▸ **Exercise brief**: Give back exactly the lines starting at the one with "In case you’re" and ending at the last line of the data below. Pictures are not part of the copy.

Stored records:
□ □ □ □ □ □ □

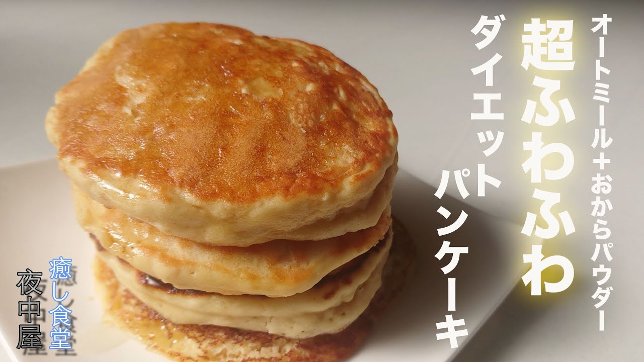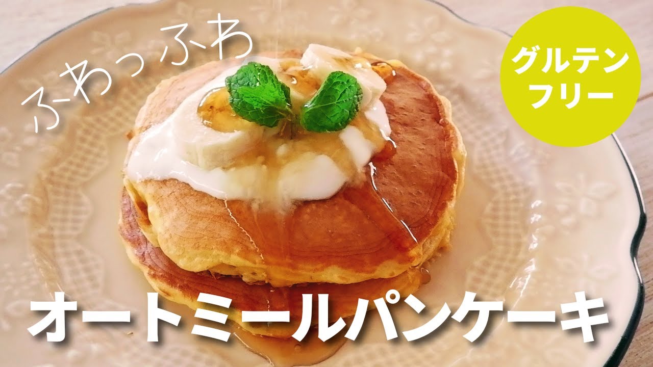 小麦粉なし オートミール100%ふわふわパンケーキの作り方グルテンフリーの簡単ダイエットスイーツレシピ。
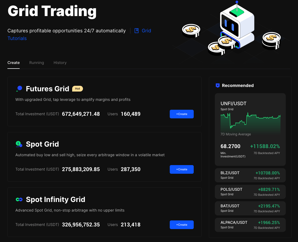 In case you’re into automation, which appears to be the speak of the city in 2025, BingX has you coated. It has grid buying and selling bots for each spot and derivatives.
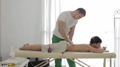 Uma morena com um massagista pervertido
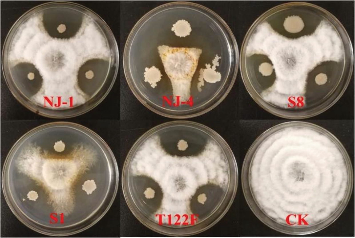 1.1.3 拮抗细菌 NJ-1和S8(解淀粉芽孢杆菌Bacillus amyloliquefaciens)、NJ-4 和S1(贝莱斯芽孢杆菌Bacillus velezensis)、T122F(枯草芽孢杆菌Bacillus subtilis)由福建省农业科学院植物保护研究所提供。
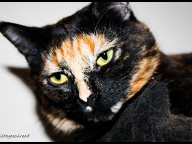Dann die [lexicon]Verschlusszeit[/lexicon] kurz genug halten damit nichts verwackelt und es scharf wird. Bei einer stillhaltenden Katze so ca. 1/200.

□ □ □ □ □ □ □

▸ **Answer section**:
 In case you’re into automation, which appears to be the speak of the city in 2025, BingX has you coated. It has grid buying and selling bots for each spot and derivatives.
 Uma morena com um massagista pervertido
 1.1.3 拮抗细菌 NJ-1和S8(解淀粉芽孢杆菌Bacillus amyloliquefaciens)、NJ-4 和S1(贝莱斯芽孢杆菌Bacillus velezensis)、T122F(枯草芽孢杆菌Bacillus subtilis)由福建省农业科学院植物保护研究所提供。
Dann die [lexicon]Verschlusszeit[/lexicon] kurz genug halten damit nichts verwackelt und es scharf wird. Bei einer stillhaltenden Katze so ca. 1/200.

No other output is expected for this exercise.